Sontak Ana dan Lino langsung melihat kearah Alex.


"Iya kenapa, sayang" ledek Gilang sambil menghampiri Lino.


"Apaan sih luh berdua, gak jelas banget" kesal Lino.


"Ipiin sih lih birdii, gik jilis bingit" ledek Gilang.


"Luh mau gue tampol ya" kesal Lino kepada Gilang.


"Udah jangan marah-marah, No" ucap Ana.


"Iya sayang, jangan marah-marah" ucap Alex kepada Lino.


Lino langsung melemparkan bantal kecil tepat ke wajah Alex.


Gilang langsung tertawa saat Lino melemparkan bantal kecil tepat ke wajah Alex.


"Mampus luh" ucap Gilang kepada Alex.


Kemudian Lino juga langsung melemparkan bantal kecil kepada Gilang, namun tidak kena karena Gilang langsung menghindar.
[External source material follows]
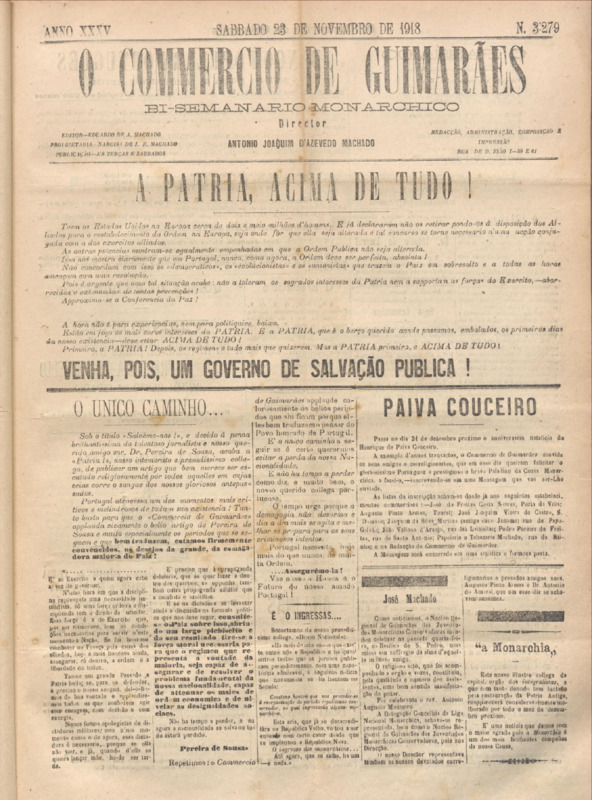Comércio de Guimarães, nº 3279, de 23/11/1918

"Eitss! tidak kena" ucap Gilang.


"No, tolong bukain dong" ucap Ana sambil memberikan minuman kaleng kepada Lino.


Lino segera membuka minuman kaleng tersebut.


"Nih" ucap Lino.


"Makasih" ucap Ana sambil mengambil minuman tersebut.


Lalu Ana segera meminum minuman itu.